(Excerpted records begins)

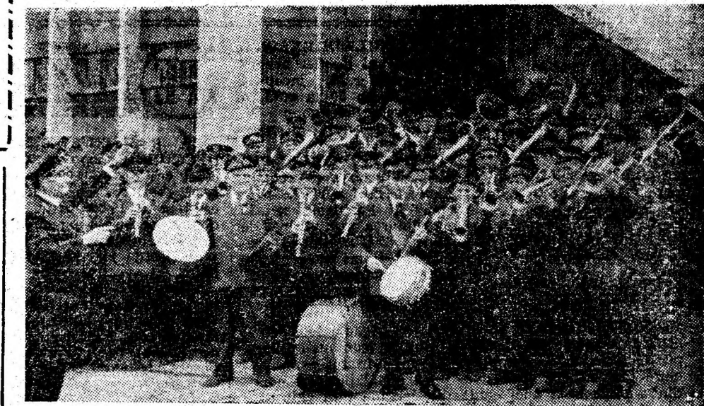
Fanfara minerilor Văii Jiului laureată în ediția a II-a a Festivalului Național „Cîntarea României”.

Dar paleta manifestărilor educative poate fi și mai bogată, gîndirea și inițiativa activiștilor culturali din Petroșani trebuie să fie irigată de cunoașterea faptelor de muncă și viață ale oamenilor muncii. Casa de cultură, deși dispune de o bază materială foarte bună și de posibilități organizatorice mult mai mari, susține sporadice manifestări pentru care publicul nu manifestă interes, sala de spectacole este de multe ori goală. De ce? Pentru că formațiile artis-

(Excerpted records ends)
(Excerpted records begins)

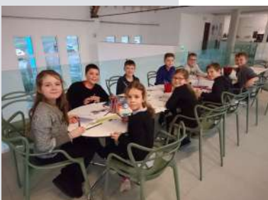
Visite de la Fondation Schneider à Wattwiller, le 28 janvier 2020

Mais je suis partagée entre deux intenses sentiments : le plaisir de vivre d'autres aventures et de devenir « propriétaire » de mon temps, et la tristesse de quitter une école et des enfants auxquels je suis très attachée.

(Excerpted records ends)

- _What this task involves_
Reproduce the entries above exactly, but only the lines between the line holding "Fanfara minerilor Văii" and the line holding "Dar paleta manifestărilor", inclusive.

- _Solution to this problem_
Fanfara minerilor Văii Jiului laureată în ediția a II-a a Festivalului Național „Cîntarea României”.

Dar paleta manifestărilor educative poate fi și mai bogată, gîndirea și inițiativa activiștilor culturali din Petroșani trebuie să fie irigată de cunoașterea faptelor de muncă și viață ale oamenilor muncii. Casa de cultură, deși dispune de o bază materială foarte bună și de posibilități organizatorice mult mai mari, susține sporadice manifestări pentru care publicul nu manifestă interes, sala de spectacole este de multe ori goală. De ce? Pentru că formațiile artis-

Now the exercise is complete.